(Records contained in a dataset)
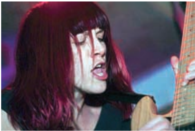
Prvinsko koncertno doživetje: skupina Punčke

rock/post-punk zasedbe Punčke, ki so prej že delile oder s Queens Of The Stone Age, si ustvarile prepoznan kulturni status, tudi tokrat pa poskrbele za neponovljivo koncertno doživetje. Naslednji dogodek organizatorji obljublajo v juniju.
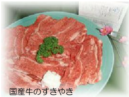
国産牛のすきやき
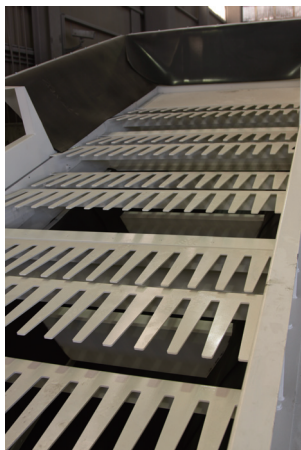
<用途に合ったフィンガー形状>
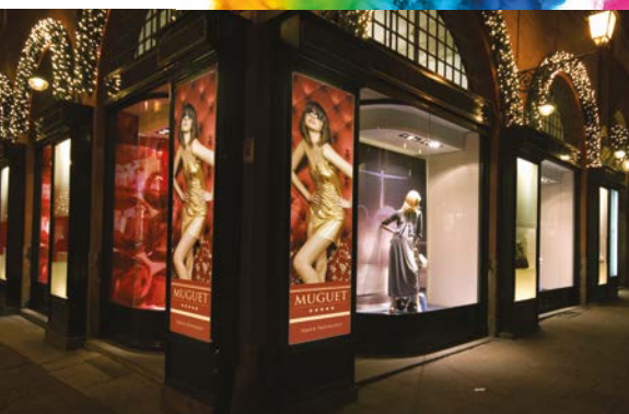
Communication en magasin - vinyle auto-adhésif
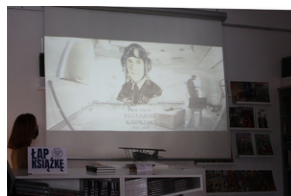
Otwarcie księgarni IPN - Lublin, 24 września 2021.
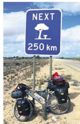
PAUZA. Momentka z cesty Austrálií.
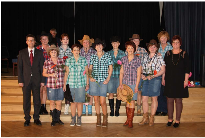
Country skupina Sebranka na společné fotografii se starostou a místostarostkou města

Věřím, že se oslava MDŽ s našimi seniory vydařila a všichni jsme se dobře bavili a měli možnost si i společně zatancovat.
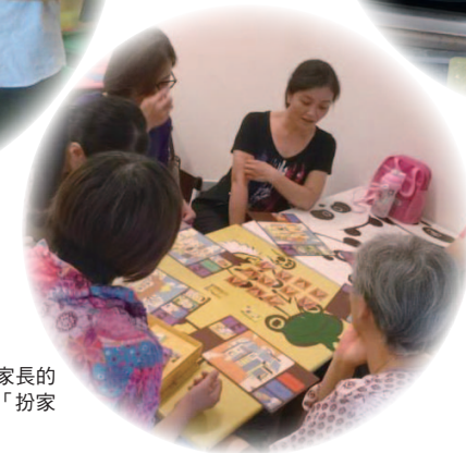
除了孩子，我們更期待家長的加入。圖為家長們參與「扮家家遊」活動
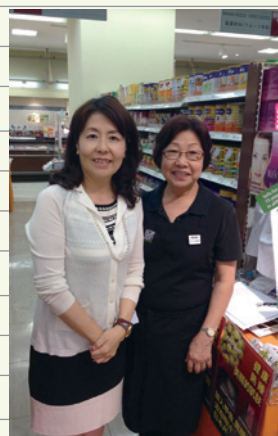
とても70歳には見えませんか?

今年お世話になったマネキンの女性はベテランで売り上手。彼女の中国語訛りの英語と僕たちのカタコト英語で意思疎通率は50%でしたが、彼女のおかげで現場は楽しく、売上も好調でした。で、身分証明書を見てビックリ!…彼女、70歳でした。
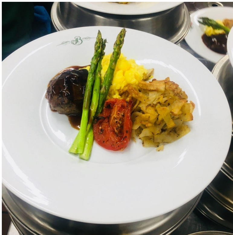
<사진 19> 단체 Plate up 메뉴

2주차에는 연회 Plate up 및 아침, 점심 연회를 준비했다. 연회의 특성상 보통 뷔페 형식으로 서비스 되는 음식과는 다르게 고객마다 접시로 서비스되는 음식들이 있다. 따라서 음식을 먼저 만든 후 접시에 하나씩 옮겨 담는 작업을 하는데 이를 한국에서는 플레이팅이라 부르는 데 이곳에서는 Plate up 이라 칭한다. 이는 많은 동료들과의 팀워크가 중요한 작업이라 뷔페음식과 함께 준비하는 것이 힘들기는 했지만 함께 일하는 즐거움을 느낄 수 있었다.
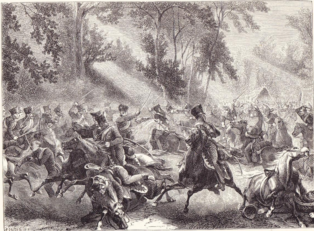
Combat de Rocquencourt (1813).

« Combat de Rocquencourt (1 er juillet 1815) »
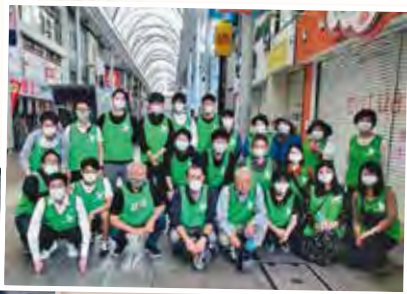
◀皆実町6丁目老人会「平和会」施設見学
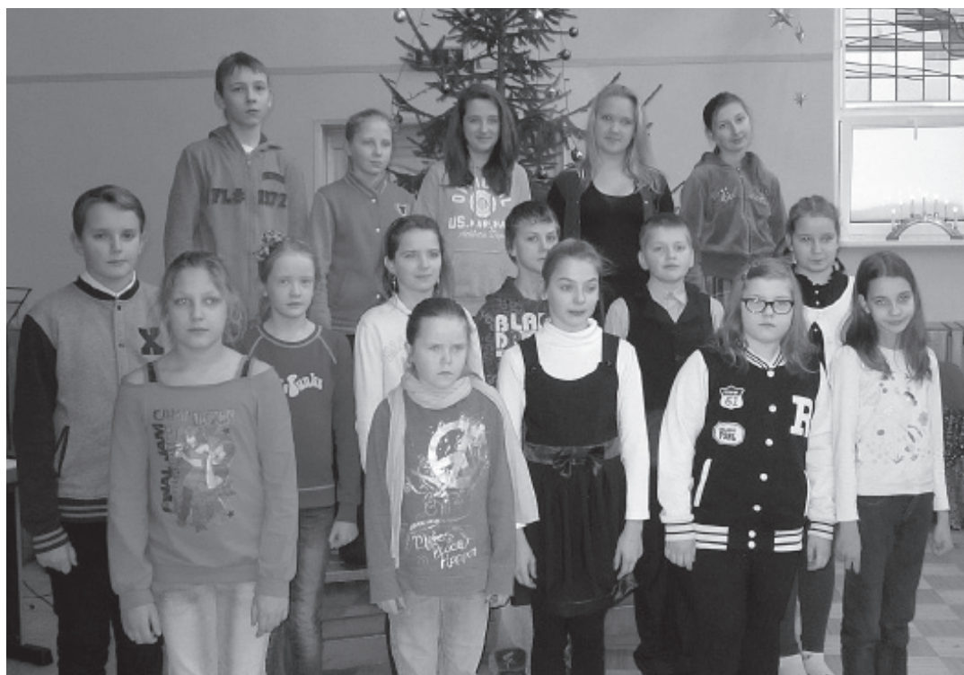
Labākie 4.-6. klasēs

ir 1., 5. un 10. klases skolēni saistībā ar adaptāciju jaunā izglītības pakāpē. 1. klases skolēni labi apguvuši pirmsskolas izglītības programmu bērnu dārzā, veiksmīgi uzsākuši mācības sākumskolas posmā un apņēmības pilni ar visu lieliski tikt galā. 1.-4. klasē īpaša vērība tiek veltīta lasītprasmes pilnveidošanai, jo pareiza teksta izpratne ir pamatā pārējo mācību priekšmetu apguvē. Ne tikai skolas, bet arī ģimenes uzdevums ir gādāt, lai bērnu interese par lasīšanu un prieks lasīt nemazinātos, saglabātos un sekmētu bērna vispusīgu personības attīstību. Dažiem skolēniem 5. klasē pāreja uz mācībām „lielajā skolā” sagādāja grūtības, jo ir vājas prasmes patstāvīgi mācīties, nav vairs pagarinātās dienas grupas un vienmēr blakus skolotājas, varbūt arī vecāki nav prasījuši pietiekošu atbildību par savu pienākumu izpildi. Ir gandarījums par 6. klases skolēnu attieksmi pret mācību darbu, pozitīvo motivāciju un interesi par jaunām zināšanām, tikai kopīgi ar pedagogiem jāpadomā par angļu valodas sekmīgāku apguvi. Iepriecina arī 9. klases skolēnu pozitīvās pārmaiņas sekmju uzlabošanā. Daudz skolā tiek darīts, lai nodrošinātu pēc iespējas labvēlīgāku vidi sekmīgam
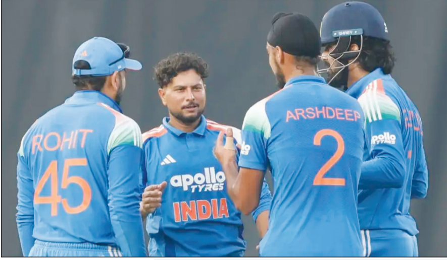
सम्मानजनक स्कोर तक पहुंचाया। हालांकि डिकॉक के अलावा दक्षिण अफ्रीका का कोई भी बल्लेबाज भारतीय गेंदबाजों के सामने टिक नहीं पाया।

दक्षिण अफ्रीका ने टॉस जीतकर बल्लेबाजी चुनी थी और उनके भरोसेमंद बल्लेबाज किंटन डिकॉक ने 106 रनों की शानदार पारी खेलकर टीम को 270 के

AIM OF THE EXERCISE: From the entries above, copy exactly the lines starting at the one with "Communication en magasin" and stopping at the one with "2주차에는 연회 Plate", keeping both ends. Drop the pictures.

WRITTEN RESPONSE:
Communication en magasin - vinyle auto-adhésif
Otwarcie księgarni IPN - Lublin, 24 września 2021.
PAUZA. Momentka z cesty Austrálií.
Country skupina Sebranka na společné fotografii se starostou a místostarostkou města

Věřím, že se oslava MDŽ s našimi seniory vydařila a všichni jsme se dobře bavili a měli možnost si i společně zatancovat.
除了孩子，我們更期待家長的加入。圖為家長們參與「扮家家遊」活動
とても70歳には見えませんか?

今年お世話になったマネキンの女性はベテランで売り上手。彼女の中国語訛りの英語と僕たちのカタコト英語で意思疎通率は50%でしたが、彼女のおかげで現場は楽しく、売上も好調でした。で、身分証明書を見てビックリ!…彼女、70歳でした。
<사진 19> 단체 Plate up 메뉴

2주차에는 연회 Plate up 및 아침, 점심 연회를 준비했다. 연회의 특성상 보통 뷔페 형식으로 서비스 되는 음식과는 다르게 고객마다 접시로 서비스되는 음식들이 있다. 따라서 음식을 먼저 만든 후 접시에 하나씩 옮겨 담는 작업을 하는데 이를 한국에서는 플레이팅이라 부르는 데 이곳에서는 Plate up 이라 칭한다. 이는 많은 동료들과의 팀워크가 중요한 작업이라 뷔페음식과 함께 준비하는 것이 힘들기는 했지만 함께 일하는 즐거움을 느낄 수 있었다.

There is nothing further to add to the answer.